I emphasise the illegality of his actions because they come from a man at whose behest the UK government have recently been taking ordinary Britons, their electorate, to task for living in ways with which they do not agree because they do not find them expedient or economically viable. Housing benefit for some of the most needy and vulnerable people in our society has been cut, along with the introduction of a 'bedroom tax' which will affect tenants of council properties which have spare rooms and are deemed to be underoccupied. (Now, I'm all for efficient use of council housing, but not when it means that families quite within their rights to have an extra room are in danger of being evicted, nor when people with disabilities who require carers or PAs are told that it doesn't count. It means that when I graduate in the summer I won't be able to live independently of my mum, although the flat we currently share is adapted for my needs, because a PA 'could sleep on a sofa-bed in the lounge' and doesn't need a room of their own.) These 'reforms' come at the same time as a large-scale, and quite simply brutal, overhaul of the once-trusted National Health Service on which so many people depend - as well as the abolition of the Disability Living Allowance and its conversion into the less-accessible (but sneakily-named) Personal Independence Plan.

As I've said, I wouldn't normally be so explicit about the impact of changes in legislation on my life, and I don't want to turn this post into a rant.
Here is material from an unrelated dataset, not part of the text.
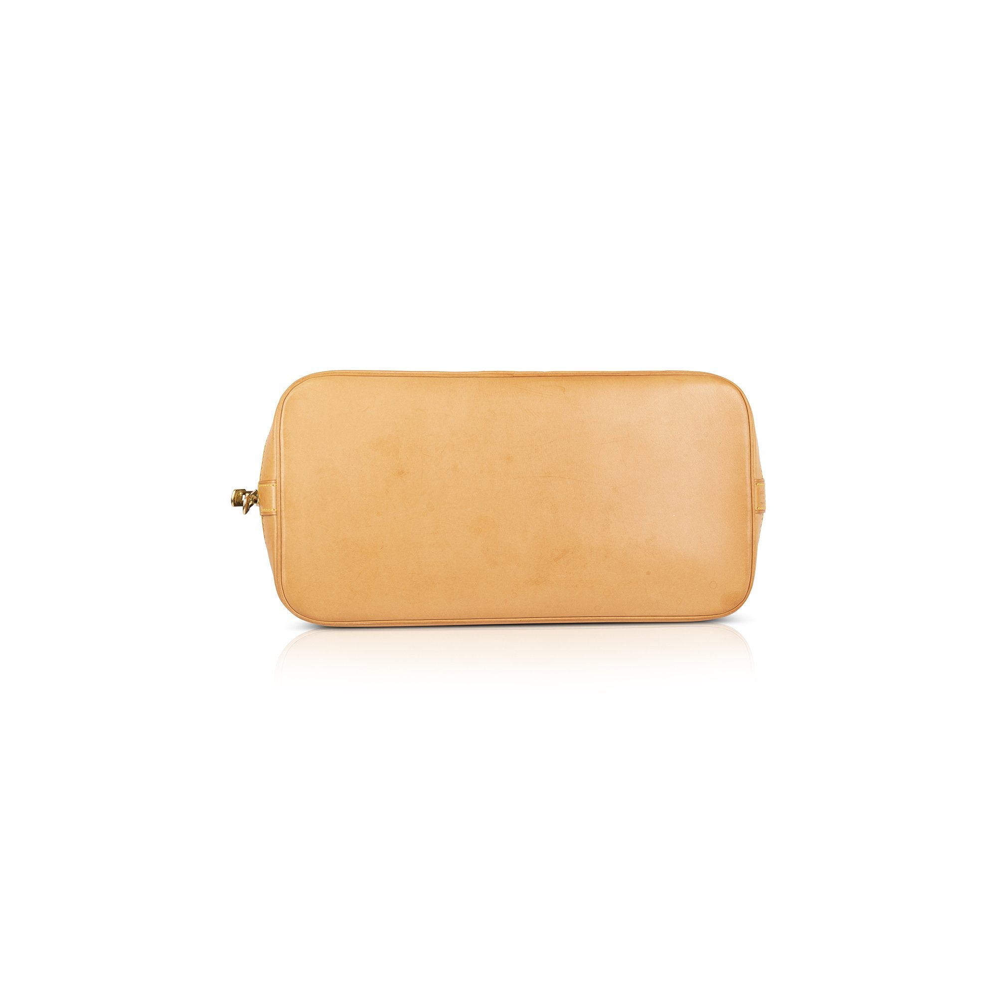 Condition: Good; slight surface scratches at hardware; some marks and discolouration at exterior vachetta leather trim and handles; clean interior

After all, I'm lucky enough to be able to speak, and thereby can at least vocalise the problems I face independently of anyone else - and I'm receiving a university education. I am very privileged in these senses, and wouldn't seek to deny it. My only aim in writing about this today is to highlight how many of my friends who have disabilities, and how many people across the country, have been affected and do not have the support available to do anything about it. For us to see today that the Chancellor of the Exchequer (the man who on the one hand has been praising the potential of our 'aspiration nation' and on the other has been accusing us of cheating the system and wasting money) has so little awareness of the lives of people like us that he parks in a disabled bay, is to have a bucketful of salt chucked in our wounds.

In closing, then, as a young woman with cerebral palsy I have this to say to George Osborne - you want my disabled parking bay, you take my disability, too.